In March 2007 Pinto entered into conflict with the CDS-PP when Paulo Portas returned to the leadership of the Party. She accused Portas of going against democratically elected bodies of the party. She also accused a CDS-PP deputy of physically assaulting her. In 2009, she was asked to join the list of the liberal-conservative Social Democratic Party (PSD) for the Assembly of the Republic. She was duly elected for the Lisbon constituency and was re-elected in 2011, shortly before her death.

==Other activities==
In addition to her political activities, she was a representative of Portugal in the Ibero-American Co-operation Secretariat, and sat on the advisory boards of the Calouste Gulbenkian Foundation, the António Quadros Foundation and the Alfredo da Costa maternity hospital in Lisbon.
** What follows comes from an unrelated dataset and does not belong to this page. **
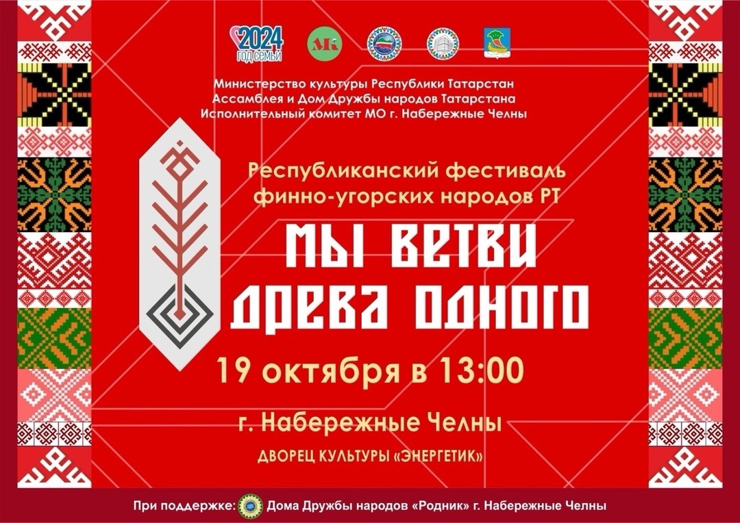 19 октября во Дворце культуры «Энергетик»  состоится Республиканский фестиваль финно-угорских народов Республики Татарстан «Мы ветви древа одного». Фестиваль проводится в целях сохранения и развития традиционной культуры финно-угорских народов, выявления самобытных фольклорных коллективов и исполнителей, приобщения молодежи к национальной культуре и уважения к культурам народов Республики Татарстан.

She was a regular columnist for newspapers such as Expresso, Público, A Capital, Diário Económico, SIC Notícias, Diário de Notícias and also broadcast on Rádio Renascença.
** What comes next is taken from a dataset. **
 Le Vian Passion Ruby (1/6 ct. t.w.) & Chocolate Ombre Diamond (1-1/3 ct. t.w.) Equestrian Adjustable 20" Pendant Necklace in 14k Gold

Maria José Nogueira Pinto died on 6 July 2011, a victim of pancreatic cancer. She had three children, one boy and two girls.

==Awards and honours==
- In 1998, Pinto was awarded the Grand Cross of the Order of Prince Henry (Ordem do Infante D. Henrique).
- She was made a member of the Order of Saint Isabel (Ordem da Rainha Santa Isabel).
- In 2012, the Santa Casa da Misericórdia of Lisbon, a Catholic charity, announced that her name would be given to its new Continuous and Palliative Care Unit. Pinto was closely involved with the charity for much of her life.
- In 2014, the Lisbon City Council inaugurated a memorial to Pinto by the sculptor Rui Sanches.
- The Maria José Nogueira Pinto Social Responsibility Prize is awarded annually by the pharmaceutical company, Merck Sharp & Dohme Lda., to the person considered to have made the greatest contribution to "social responsibility" in Portugal.